Tetapi, atas petunjuk orangtuanya yang menyarankan bekerja di Jogja kemudian mendaftar sebagai PNS di Pemda DIY. Ketika melalui berbagai tahapan tes, diwawancara penguji, Roni menyampaikan keinginannya bergabung sebagai PNS di Bappeda DIY. Jika tidak diterima di Bappeda, ia memilih untuk tidak masuk PNS ketika itu.

"Waktu itu yang menguji bertanya, pengen di bagian apa? Saya jawab di Bappeda, kalau nggak masuk ya saya ngga usah. Akhirnya sejak tahun 1991 itu saya di Bappeda DIY sampai 2005," kata dia.

Roni memiliki hobi melakukan kegiatan offroad. Bahkan ia sudah menjajal berbagai medan di Indonesia.

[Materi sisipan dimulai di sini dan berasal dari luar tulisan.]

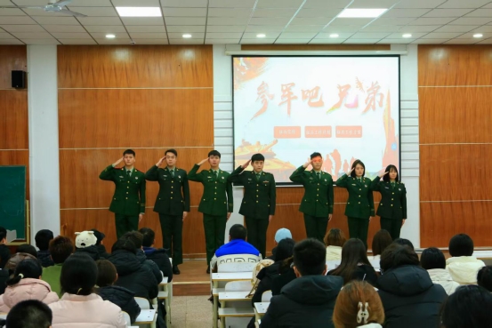 为积极响应国家征兵号召,深入推动国防教育进校园,激发广大学子投身军营、报效祖国的热情,12月4日晚,商学院在笃行楼502教室举办2026年度“春季征兵宣讲”活动。商学院党委副书记苑锦锋、辅导员朱昱宁和各年级有参军意向的学生出席活动。

Mengikuti kompetisi tingkat nasional pun pernah dicicipinya. Kedekatan dengan kendaraan lapangan itu tak lain karena, saat di usia muda pernah menjalani profesi geodesi yang butuh tantangan dalam mengendarai mobil di medan lahan setapak yang berat.

Dengan kemampuan geodesi-nya, kini Roni menjadi punggawa di Diskominfo DIY. "Hubungan yang berkaitan dengan informasi sama sebenarnya [antara informatika dan geodesi], tetapi kalau geodesi informasi kebumian," kata dia.

Hobi lain, Roni piawai memainkan alat musik drum. Sengaja memilih drum karena dinilai masih sedikit yang mampu memainkan. "Kalau gitar kan sudah banyak yang bisa," kata dia.

Sebagai punggawa di Diskominfo DIY, Hari tengah berupaya mempersiapkan DIY sebagai Jogja Cyber Province. Keberadaan netizen di DIY yang besar responnya, menjadi potensi besar. Karena itu, ia menggandeng berbagai komunitas yang aktif di dunia maya.

"Jogja punya potensi teknologi informasi yang besar, kita berada di urutan kedua di Indonesia, potensi ini harus kita manfaatkan. Kami mengajak para netizen untuk bisa membangun Jogja. Ada komunitas Paijo, forum ict Jogja, forum Jogja kreatif dan lainnya," imbuhnya.

Roni menambahkan keberadaan komunitas itu sekaligus diajak bekerjasama dalam menangkal berita palsu. Berupaya memberikan pemahaman masyarakat, bahwa selain di dunia maya mereka harus di dunia nyata ada penjara. "Kami mengajak netizen untuk membuat berita positif dalam mengimbangi berita negatif," ujarnya.